Iterate through a dictionary array - java

I have a String array containing a poem which has deliberate spelling mistakes. I am trying to iterate through the String array to identify the spelling mistakes by comparing the String array to a String array containing a dictionary. If possible I would like a suggestion that allows me to continue using nested for loops
for (int i = 0; i < poem2.length; i++) {
boolean found = false;
for (int j = 0; j < dictionary3.length; j++) {
if (poem2[i].equals(dictionary3[j])) {
found = true;
break;
}
}
if (found==false) {
System.out.println(poem2[i]);
}
}
The output is printing out the correctly spelt words as well as the incorrectly spelt ones and I am aiming to only print out the incorrectly spelt ones. Here is how I populate the 'dictionary3' and 'poem2' arrays:
char[] buffer = null;
try {
BufferedReader br1 = new BufferedReader(new
java.io.FileReader(poem));
int bufferLength = (int) (new File(poem).length());
buffer = new char[bufferLength];
br1.read(buffer, 0, bufferLength);
br1.close();
} catch (IOException e) {
System.out.println(e.toString());
}
String text = new String(buffer);
String[] poem2 = text.split("\\s+");
char[] buffer2 = null;
try {
BufferedReader br2 = new BufferedReader(new java.io.FileReader(dictionary));
int bufferLength = (int) (new File(dictionary).length());
buffer2 = new char[bufferLength];
br2.read(buffer2, 0, bufferLength);
br2.close();
} catch (IOException e) {
System.out.println(e.toString());
}
String dictionary2 = new String(buffer);
String[] dictionary3 = dictionary2.split("\n");

Your basic problem is in line
String dictionary2 = new String(buffer);
where you ware trying to convert characters representing dictionary stored in buffer2 but you used buffer (without 2 suffix). Such style of naming your variables may suggest that you either need a loop, or in this case separate method which will return for selected file array of words it holds (you can also add as method parameter delimiter on which string should be split).
So your dictionary2 held characters from buffer which represented poem, not dictionary data.
Another problem is
String[] dictionary3 = dictionary2.split("\n");
because you are splitting here only on \n but some OS like Windows use \r\n as line separator sequence. So your dictionary array may contain words like foo\r instead of foo which will cause poem2[i].equals(dictionary3[j] to always fail.
To avoid this problem you can split on \\R (available since Java 8) or \r?\n|\r.
There are other problems in your code like closing resource within try section. If any exception will be thrown before, close() will never be invoked leaving unclosed resources. To solve it close resources in finally section (which is always executed after try - regardless if exception will be thrown or not), or better use try-with-resources.
BTW you can simplify/clarify your code responsible for reading words from files
List<String> poem2 = new ArrayList<>();
Scanner scanner = new Scanner(new File(yourFileLocation));
while(scanner.hasNext()){//has more words
poem2.add(scanner.next());
}
For dictionary instead of List you should use Set/HashSet to avoid duplicates (usually sets also have better performance when checking if they contain some elements or not). Such collections already provide methods like contains(element) so you wouldn't need that inner loop.

I copied your code and ran it, and I noticed two issues.
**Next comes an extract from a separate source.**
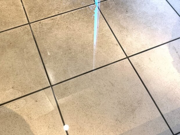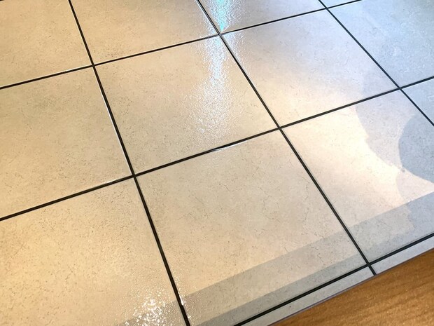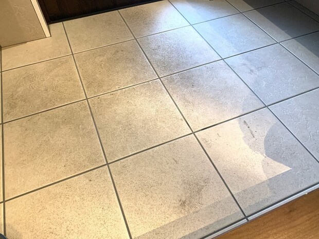 オキシシャイニーで掃除を終えた玄関の床がこちらです。黒い汚れが落ち、掃除前と比較するとかなり綺麗になったのではないでしょうか!?

Good news is, both are very quick fixes.
#1
When I printed out everything in dictionary3 after it is read in, it is the exact same as everything in poem2. This line in your code for reading in the dictionary is the problem:
String dictionary2 = new String(buffer);
You're using buffer, which was the variable you used to read in the poem. Therefore, buffer contains the poem and your poem and dictionary end up the same. I think you want to use buffer2 instead, which is what you used to read in the dictionary:
String dictionary2 = new String(buffer2);
When I changed that, the dictionary and poem appear to have the proper entries.
#2
The other problem, as Pshemo pointed out in their answer (which is completely correct, and a very good answer!) is that you are splitting on \n for the dictionary. The only thing I would say differently from Pshemo here is that you should probably split on \\s+ just like you did for the poem, to stay consistent. In fact, when I debugged, I noticed that the dictionary words all have "\r" appended to the end, probably because you were splitting on \n. To fix this, change this line:
String[] dictionary3 = dictionary2.split("\n");
To this:
String[] dictionary3 = dictionary2.split("\\s+");
Try changing those two lines, and let us know if that resolves your issue. Best of luck!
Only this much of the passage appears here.